ABOVE is a female Eastern Bumblebee with full pollen baskets. “We think that bumbles are great to include because they are some of the easiest native bees to spot and learn about,” says Kornbluth.

Masked bee

These tiny bees are solitary, nesting in twigs and stems. Since they’re so small, they prefer small flowers, even “ones we might not really notice, like those found in an alternative lawn” says Kornbluth, and because of their size, they can go deep inside flowers to get nectar. Not particularly hairy, they don’t carry pollen on their bodies, like other bees, but carry it in their “’crop,’ the upper part of the digestive tract.” It doesn’t get digested but is regurgitated when the bee gets back to the nest. “Many species of bees use their crop to carry nectar or water, but the masked bees also use it for carrying pollen,” notes Kornbluth. This masked bee was spotted foraging on snakeroot in Bishop’s garden. “It’s a super rigorous perennial with firework white flowers,” says Bishop, who cautions that it can spread vigorously.
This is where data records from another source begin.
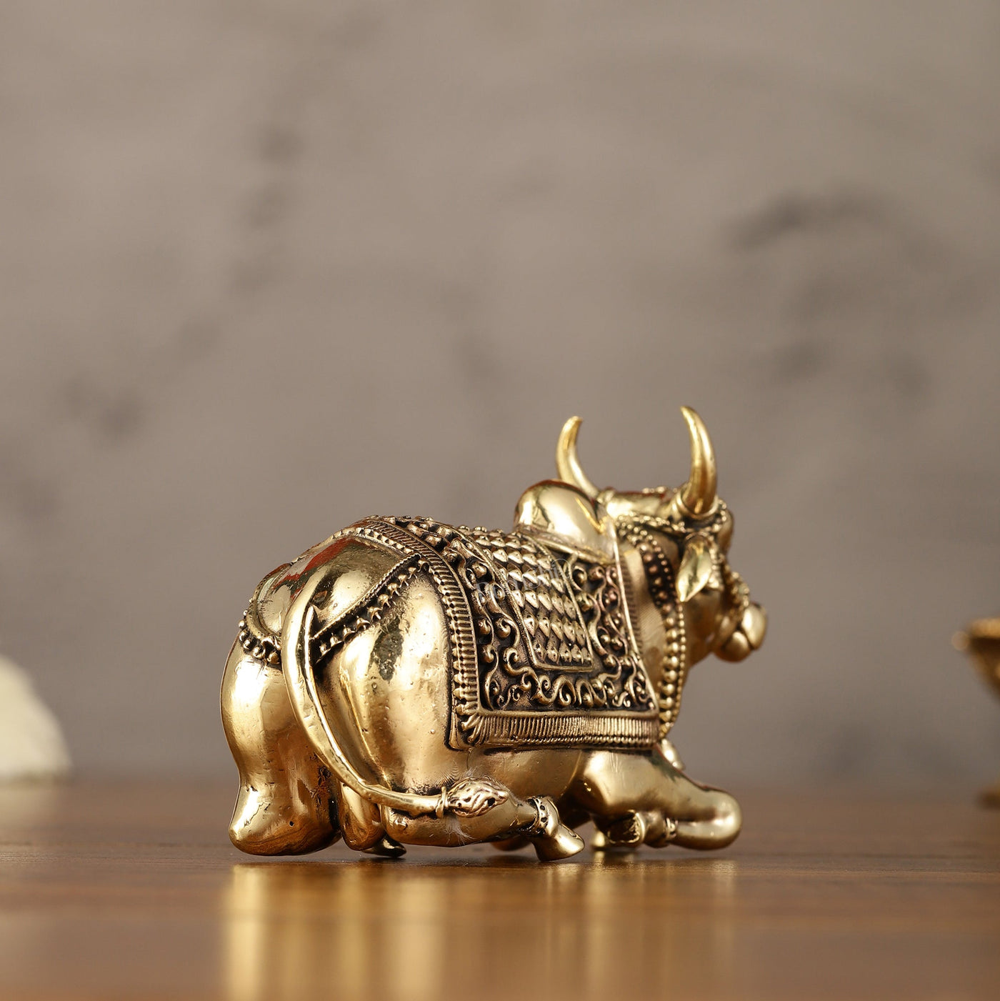 Discover divine serenity in a petite form with our Brass Superfine Miniature Nandi Idol. Standing at 2.5 inches, with dimensions of 4 x 1.5 inches, this intricately crafted miniature masterpiece weighs a mere 0.190 kg. Invite the sacred presence of Nandi, the devoted mount of Lord Shiva, into your home.
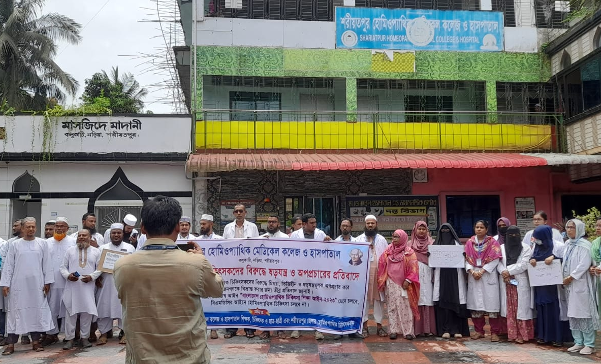 এসময় বক্তারা বলেন, বাংলাদেশের প্রচলিত হোমিওপ্যাথিক চিকিৎসা শিক্ষা আইন-২০২৩ অনুযায়ী হোমিও চিকিৎসকগণ ডা. উপাধি ব্যবহারের বৈধ অধিকার রাখেন। অথচ এ বিষয়কে অস্বীকার করে বিএমডিসি মিথ্যা প্রোপাগান্ডা চালাচ্ছে, যা অসাংবিধানিক, অনৈতিক এবং পেশাজীবী চিকিৎসকদের মর্যাদা ক্ষুণ্ণ করছে।
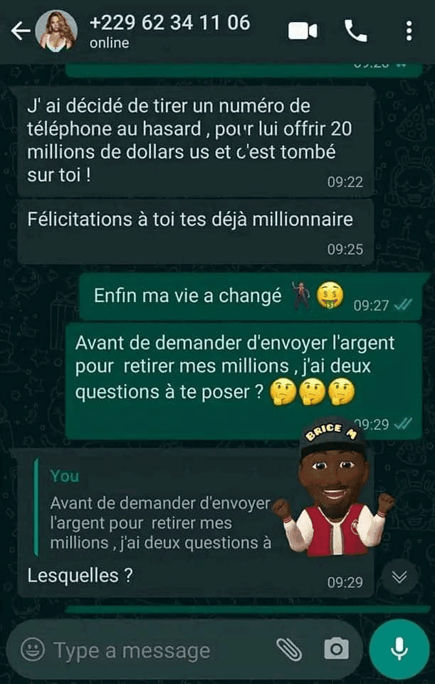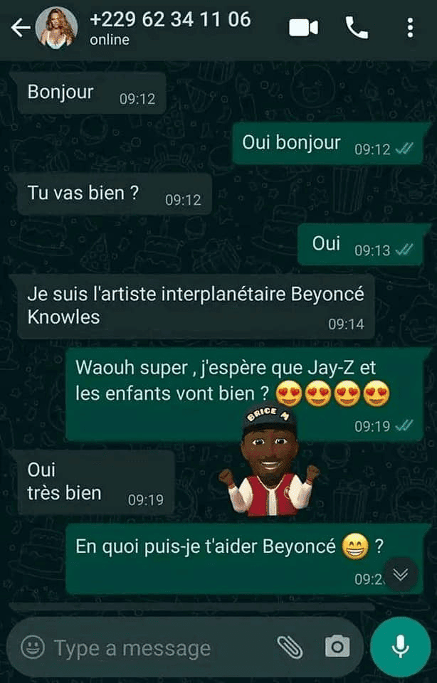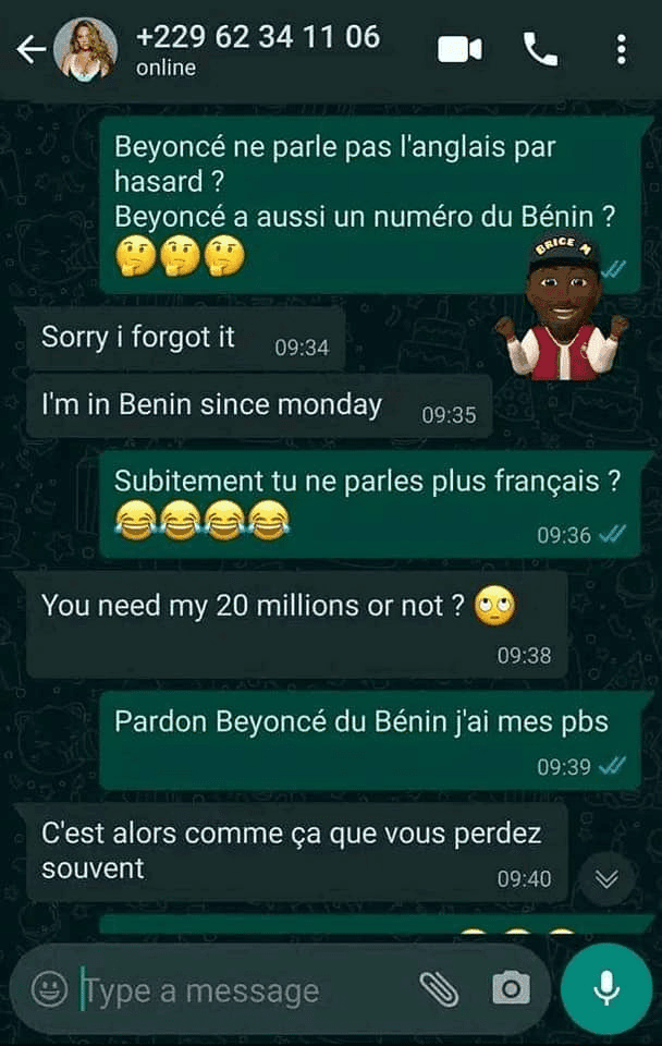 « Je suis l’artiste interplanétaire Beyonce Knowles (.. ) J’ai décidé de tirer un numéro au Hazard pour lui offrir 20 millions de dollars US et c’est tombé sur toi« , a écrit la présumée Beyoncé via le réseau social WhatsApp avec un numéro du Bénin. Bien que rien ne prouve qu’il s’agisse réellement d’un des leurs, les béninois se sont dépêchés de commenter la publication pour donner leur avis et rappeler à Mani Bella de quoi sont capables les béninois en manière de sorcellerie et ou du vodoun.
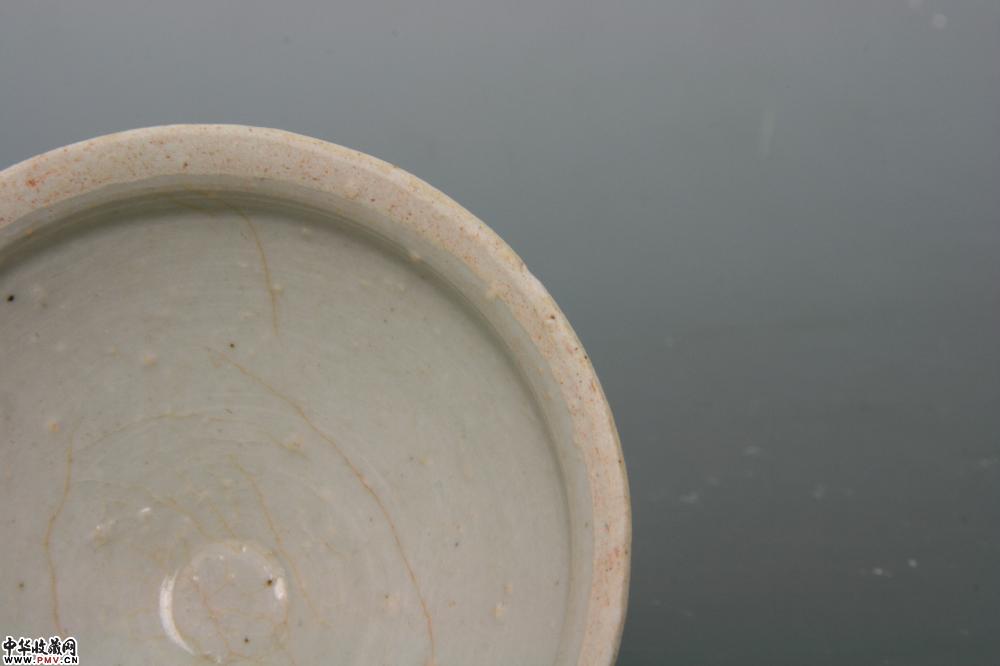 高4.3cm。口径10.3cm,底径3.2cm,微夹扁,口沿一小磕,里内惊釉。
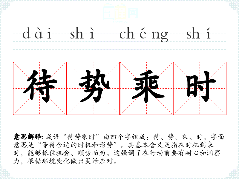 - 日常对话:朋友间讨论职业规划时,可能会提到“待势乘时”,以提醒彼此关注外部环境的变化。
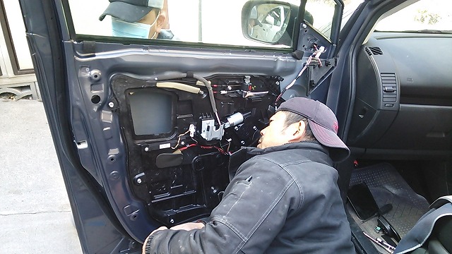 ドアハンドルを元々のドアハンドルに付け替え、ドアミラーや内張りも元々のドアから移植です。
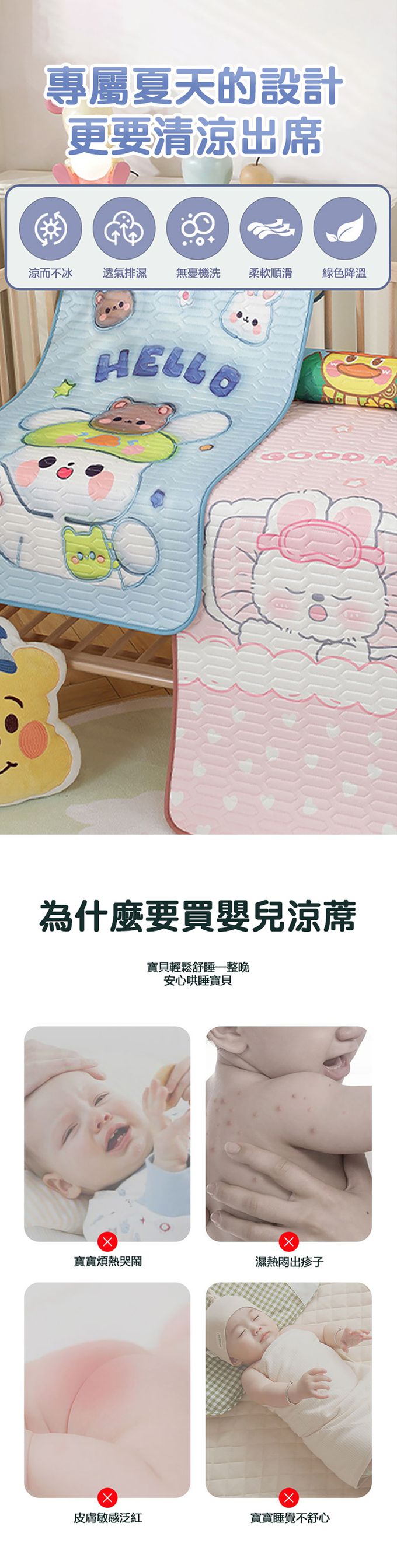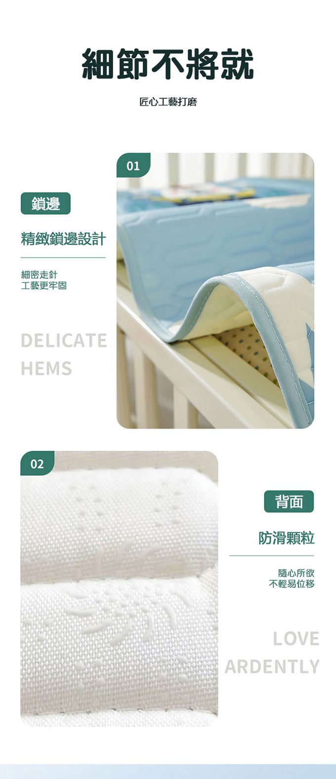 1.涼而不冰的涼感面料、讓寶寶整晚都能有深度的睡眠,遠離怕熱引起的溼疹問題
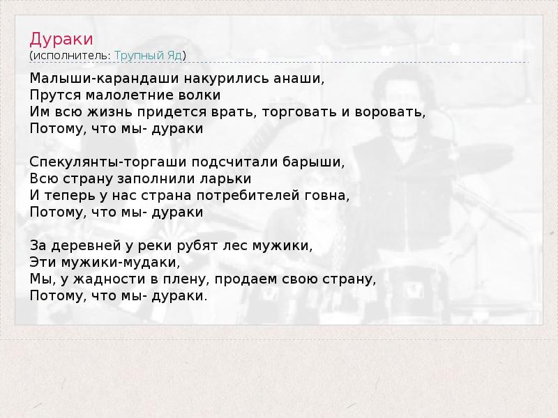 Малыши-карандаши накурились анаши, Прутся малолетние волки Им всю жизнь придется врать, торговать и воровать, Потому, что мы- дураки Спекулянты-торгаши подсчитали барыши, Всю страну заполнили ларьки И теперь у нас страна потребителей говна, Потому, что мы- дураки За деревней у реки рубят лес мужики, Эти мужики-мудаки, Мы, у жадности в плену, продаем свою страну, Потому, что мы- дураки.
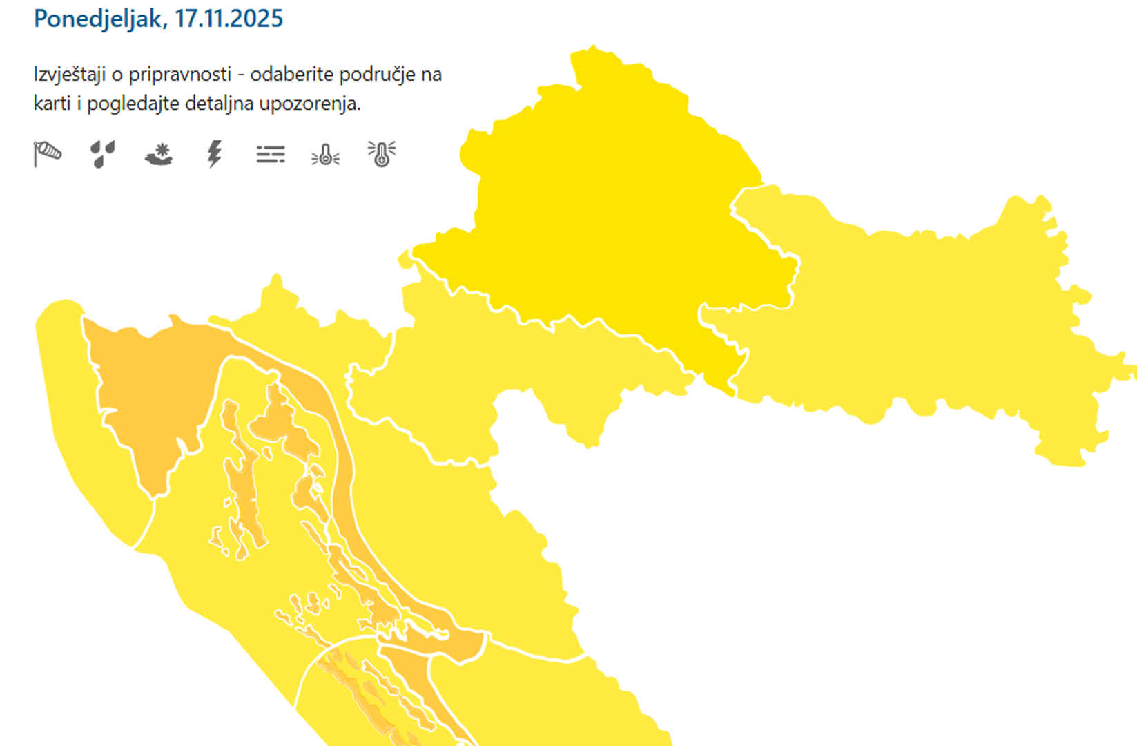 Izdana su upozorenje za cijelu zemlju. "Budite na oprezu zbog mogućih jačih grmljavinskih nevremena. Posebno pripazite u izloženim područjima kao što su planine, šume i livade odnosno otvoreni tereni. Mogući su prekidi u aktivnostima na otvorenom", upozorava DHMZ. Za riječku i splitsku regiju izdan je narančasti meteoalarm.
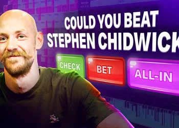 Chidwick: Boards com duas broadways geralmente favorecem um sizing maior. Não estamos preocupados com proteção e atacamos mãos relativamente fortes — e . Os blefes com pocket pairs costumam ser feitos com os mais fracos deles, e , ao que me parece, é um pouco alto demais. Eu vou de check.
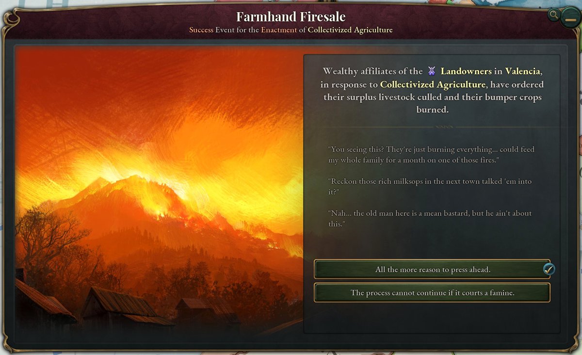 Всегда нужно понимать, что и при каких сильных заинтересованных группах вы делаете, иначе поля и скот начнут гореть. Впрочем, в игре нет конкретной цели, может вам именно оно и надо.
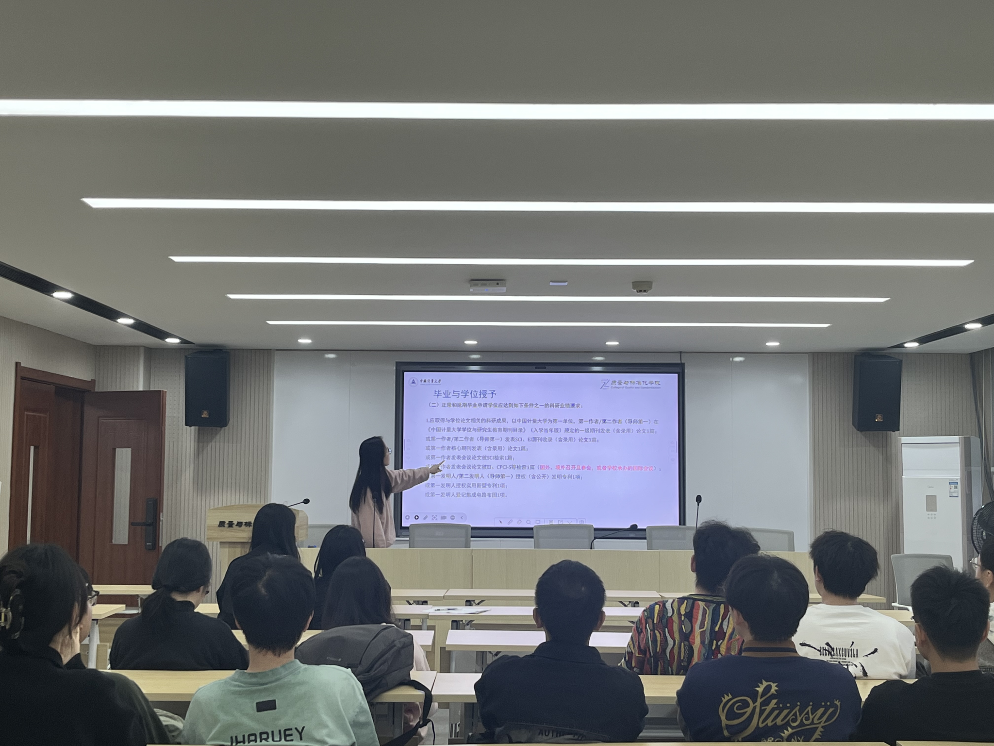 为加强研究生培养过程管理,明确学业要求,助力研究生顺利完成学业,10月29日下午,质量与标准化学院在弘德楼609会议室举行面向2023级研究生的学业指导大会,研究生秘书姚蕾、辅导员舒晴出席会议。
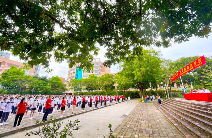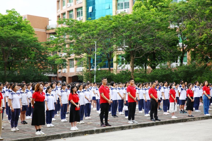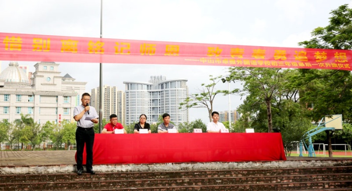 卓雅外校校长李雄杰、副校长兼初中部校长李文、初中部副校长韩瑞云、艺体中心主任方学军、初中部学生处主任邹旭、团委书记李凌霄及初中部全体师生参加升旗仪式。
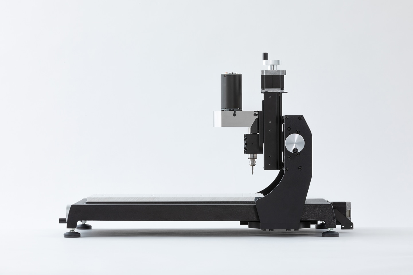 減衰性の高い鋳鉄や肉厚のアルミ押し出し材をフレームに採用し、卓上型としては類を見ないほどの本体剛性を実現。加工時の安心感と心地よい切削音が、創造への意欲を高めてくれる。
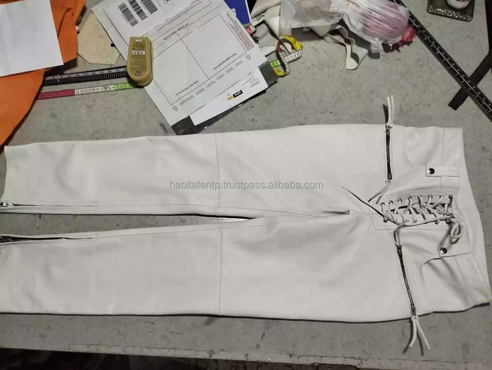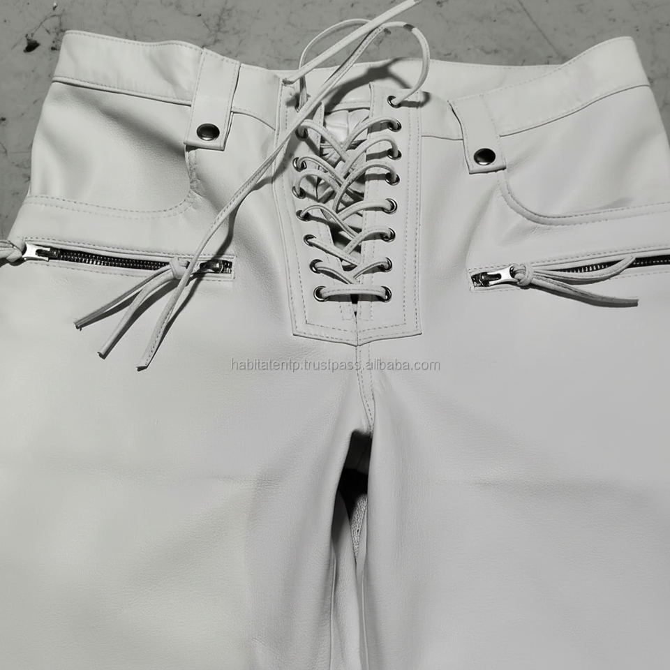 Men's White Motorcycle Leather Pant Real Soft Lambskin Lace up Biker OEM ODM Designer Pants Trousers Soft Feel

Only females have pollen baskets, as you can see on this fuzzy Brown-belted Bumblebee. Kornbluth explains how you can identify them: “A female Brown-belted bumblebee has 5 visible stripes (or segments) on its abdomen. The first stripe (closest to the thorax) has yellow hairs, the second stripe has a patch of yellow to brown hairs in the middle and black hairs on the sides. Stripes three, four, and five have black hairs and are hard to tell apart.” These large ground-nesters can be found in prairies, meadows, and fields where they reuse abandoned burrows or cavities.

Photo Credit: USGS Bee Inventory and Monitoring Lab

Green Sweat Bee

Sweat bees are small, docile, and great pollinators. They are also attracted to salt. Some are even attracted to mammal sweat. “People often mistake bright green sweat bees for flies,” says Kornbluth. One way to distinguish between the two is to look at their eyes. “Fly eyes take up more than 75% of a fly’s head, while bee and wasp eyes take up less than 50%,” she says. “You’ll be surprised how visible insect’s eyes are once you’re looking for them!”

Male Longhorn bees feature very long antennae. These bees are specialists of Asteraceae, and especially love sunflowers. Look for them buzzing about in July and August.

The pollen basket of the female Longhorn bee sits on much of its hind leg. It’s composed of dense hair to help trap pollen as it flies from flower to flower.